In the answer, transcribe exactly the lines from the beginning of the material through the line holding "Alpha-beta stator current", and skip every picture.

[GIVEN INFORMATION]:
# # # #

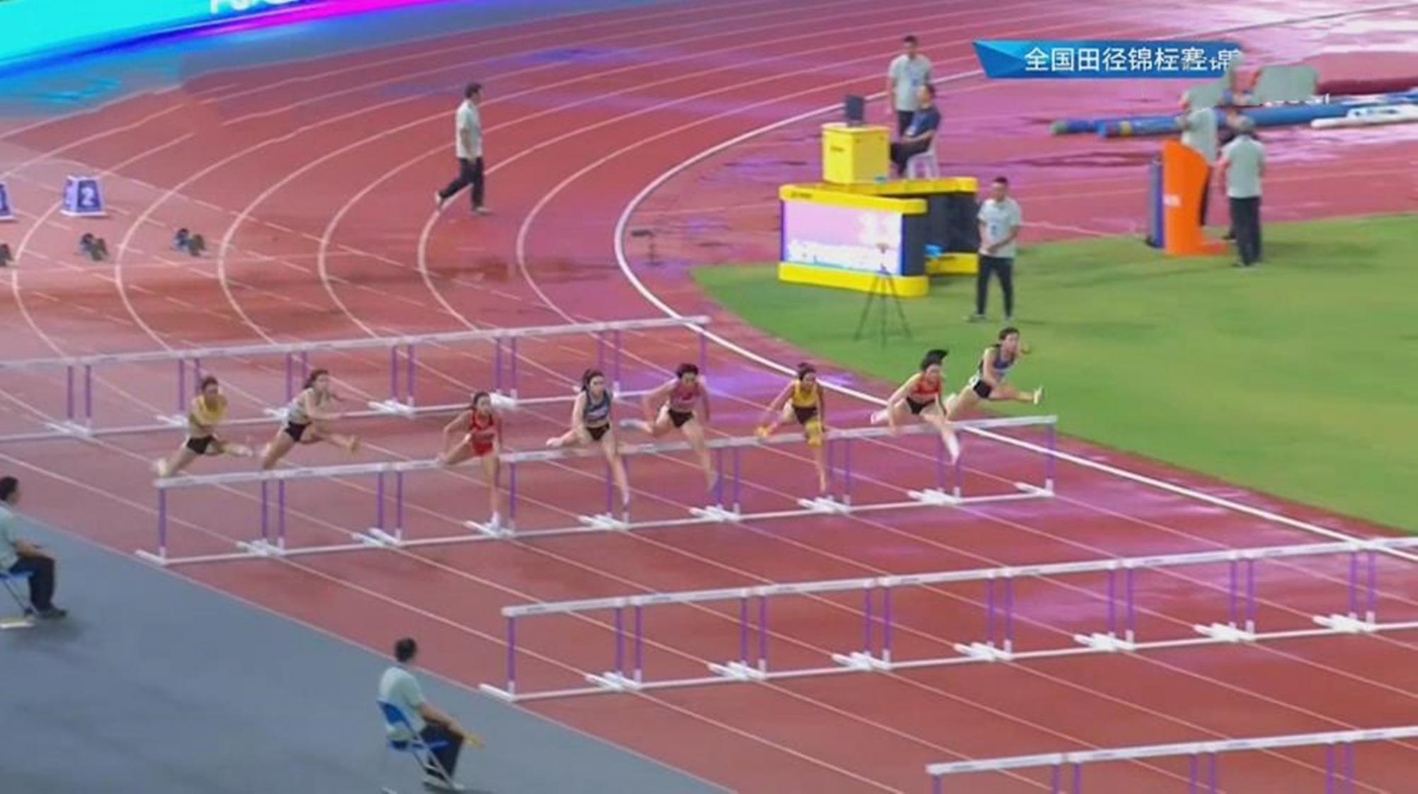 結果中途加速階段,第5道的劉景陽突然摔倒,但是并未影響到吳艷妮,她反而越跑越快,林雨薇壓力山大,奮力追趕,在攻下最后一個欄之后由于重心不穩,在撞線時也摔倒在地。
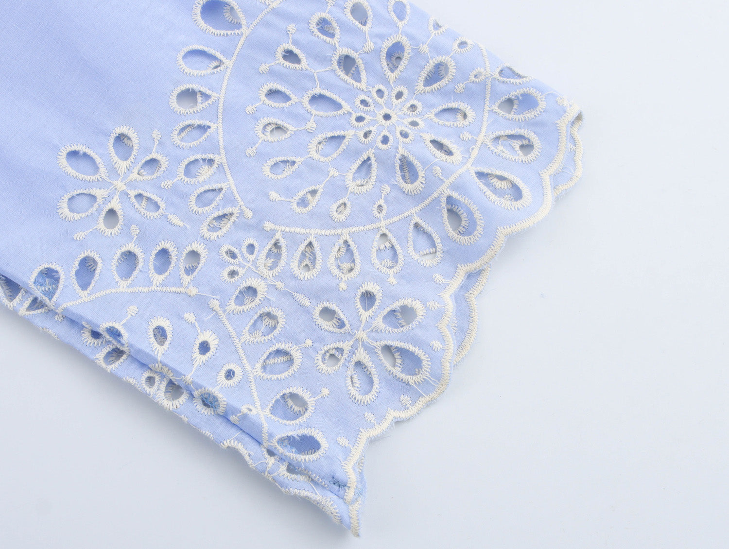 This long sleeve blue eyelet casual shirt combines classic style with breathable comfort. Crafted from lightweight fabric featuring delicate eyelet...
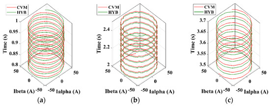 Alpha-beta stator current response: (a) at 1470 rpm, (b) at 500 rpm and (c) at 1000 rpm.
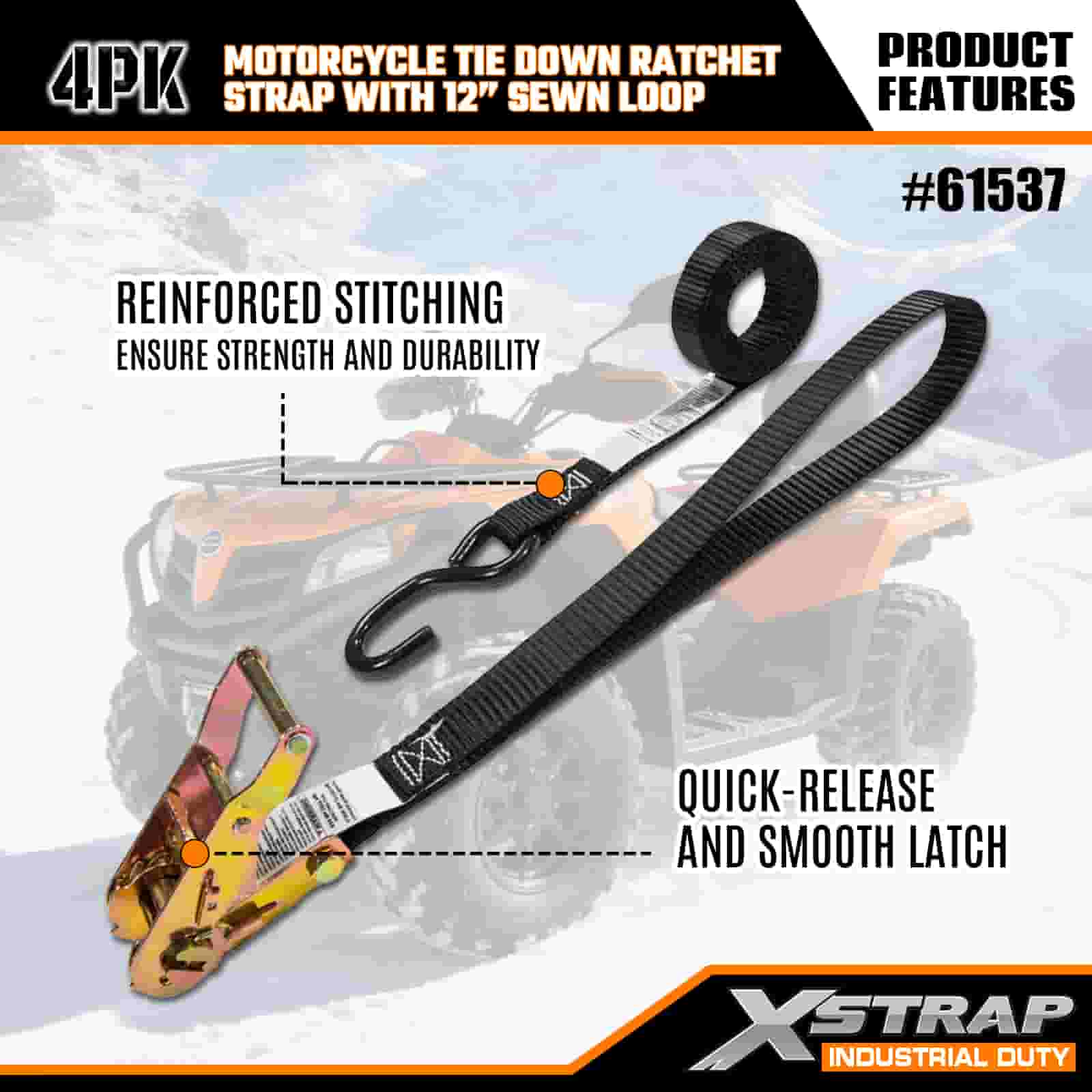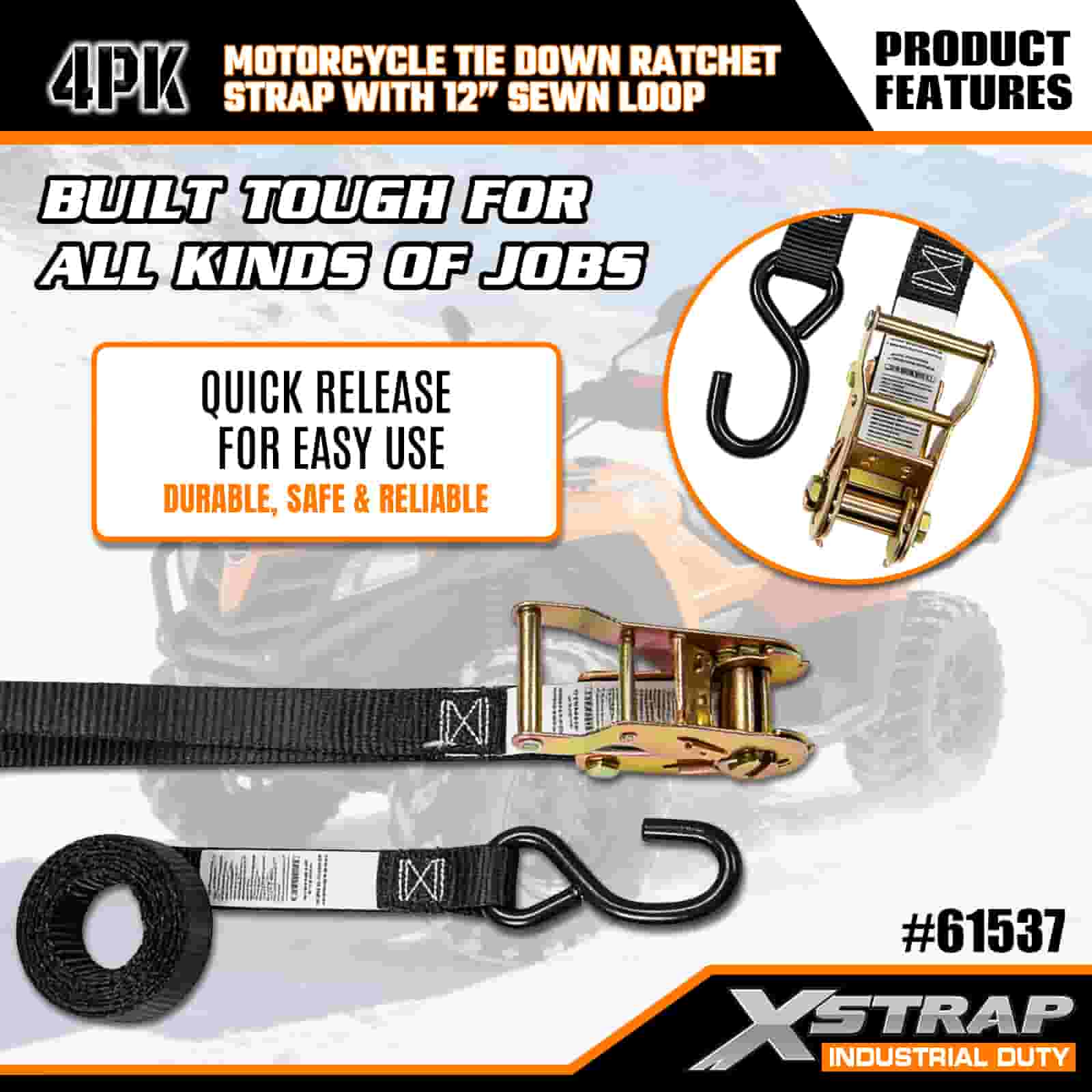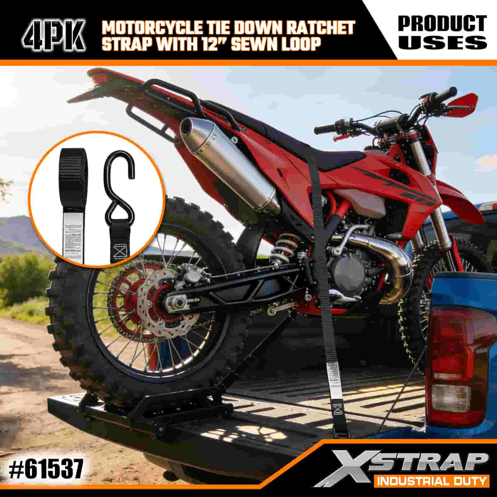 - Motosiklet Bağlama için 4'lü Paket 6FT Askılar: 4'lü askı seti (1 inç genişlik × 6 fit uzunluk) olarak satılır; motosikletleri, ATV'leri ve küçük eşyaları kamyon kasalarına veya taşıma sırasında sabitlemek için idealdir.

# # # #

[FINAL ANSWER]:
 結果中途加速階段,第5道的劉景陽突然摔倒,但是并未影響到吳艷妮,她反而越跑越快,林雨薇壓力山大,奮力追趕,在攻下最后一個欄之后由于重心不穩,在撞線時也摔倒在地。
 This long sleeve blue eyelet casual shirt combines classic style with breathable comfort. Crafted from lightweight fabric featuring delicate eyelet...
 Alpha-beta stator current response: (a) at 1470 rpm, (b) at 500 rpm and (c) at 1000 rpm.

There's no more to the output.